Splashed down on April 24, 2011.

Dyssynergic defecation indubitably dominated the days of my week once again, exactly as it had last week. I was beside myself with despair and nearly at my wits’ end—and I do have a lot of wits to work through before reaching the end of them. Obsessing over the sublime perfectitude of Alyssa Milano’s angelic feet didn’t help. Obsessing over that hot lesbian scene with Zoe Washburne and Nandi that I’d seen on TV years ago didn’t help. Not even obsessing over all fifty of the Spice Girls’ long and slender toes helped!

It was on Thursday—precisely when my addlepated little self was contemplating the last toe on Geri Halliwell’s right foot—that I did indeed finally reach my wits’ end. Miraculously, this didn’t cause me to suffer the usual out-of-gourd experience; instead I found myself on the planet Ogo, part of an intellectual elite, preparing to subjugate the barbarian hordes on Pluto. How this came about, I know not—but that was the end result. The Onceler, once famous for the biggest environmental disaster in the entire fictional world, but now working a dead-end job as a Spend-O-Mart greeter after the collapse of the thneed market, piloted the rocket ship we used to get to Pluto, and the Twiceler and Thriceler served as first mate and navigator, respectively. I, being the Grand Pnårpissimo, trained in every martial and marital art known to mankind, naturally led the cohort of gnomish space marines we were taking into battle with us.

The Battle of Pluto was swift and decisive. Our gnomish marines vanquished the evil barbarian hordes with no trouble at all. They didn’t even need to use their blood plasma rifles or ronald ray-guns. We suffered no casualties; even my mottled pink spacesuit was undamaged. After the battle, we all celebrated with a round of Elkwater Ales and ytterbium snacks (or was it yttrium?), then rocketed back to Ogo in time to watch the next episode of the reimagined Pound Puppies series, starring Edward James Olmos as Cooler.
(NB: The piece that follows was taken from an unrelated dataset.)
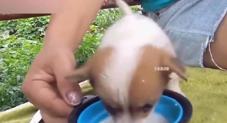 昨天去走亲戚,天下着小雨,去路边一家小超市买礼品,看到门口有一只小狗崽浑身湿透冻的瑟瑟发抖,就问超市老板为什么不照顾好自己狗狗?老板说,那不是我的狗,那是一只流浪狗,原来是跟着妈妈流浪的,几天前妈妈被车压死了,就剩下它一个了。出门的时候我忍不住又看了小狗崽一眼 ,就开车离开了。走了几十米后从倒车镜里发现,小狗崽正在跟着车子跑 ,我靠边停车,狗狗来到车旁,累的坐在那里气喘吁吁。我伸手去抚摸它,它一点也不害怕,我找来毛巾给它擦干了身体,倒了一盒牛奶给它吃,大概是很久没有吃到这么美味的食物了,狗狗很快吃完了。我抱它上车带回了家,给它洗了澡,准备了一个舒适的小窝,收养了它。就因为多看了它几眼,它就认定了我,或许这就是缘分吧!

They really do want to go home with you—now in 3D!

I returned to Earth the very same next previous morning, once again riding on the back of a really, really big fish. This enormous fish was composed entirely of small, iridescent fish, each of which in turn were composed of tinier iridescent fish, each of which were composed of microscopic iridescent fish. It went on forever, it appeared, or so I feared—whereupon I had another polydactyly episode which could only be cured by chewing off all seven fingers sprouting from my left nostril (the one shaped like a twelve-year-old boy).

Escape, escape! One semicolon… two peas!

Yappie! Where are you!? Yappiddah, yappiddah, yappiddah, yappiddah, yyyaappp!!!



Yoinks yoinks!!

It was on Friday—precisely when I awoke to find myself in a muddy ditch alongside Terwilliger Street wearing a fishbowl over my head and a full-body suit stitched together from slices of salami—that I realized that I did indeed have another out-of-gourd experience. Judging by the large puddle of greasy yellow spam byproduct I found myself lying in, I concluded—much to my usual chagrin—that this out-of-gourd experience was probably even worse than that horrible bookmarking accident I had suffered on Tuesday.

The constipation remained.

And then Saturday happened, despite my best efforts to prevent it, and still… the constipation remained.

And then Sunday schronked on by, despite my best efforts to elude it, and still… the constipation remained.

Little doubt remained in my mind that when Monday exploded onto my calendar in all its lunatic horror, the constipation would remain. And remain, and remain.

Putting the horrors of tomorrow out of my mind, I constipatedly sat down in front of my computerational device (called a “computer” by some people) and constipatedly started twickling out this week’s unctimonious blob entry. And now, that twickling is all done, so here we are. Stick this in your pipe and smoke it, sparky! Goodnight, you salivating crotch-salamanders of damnation!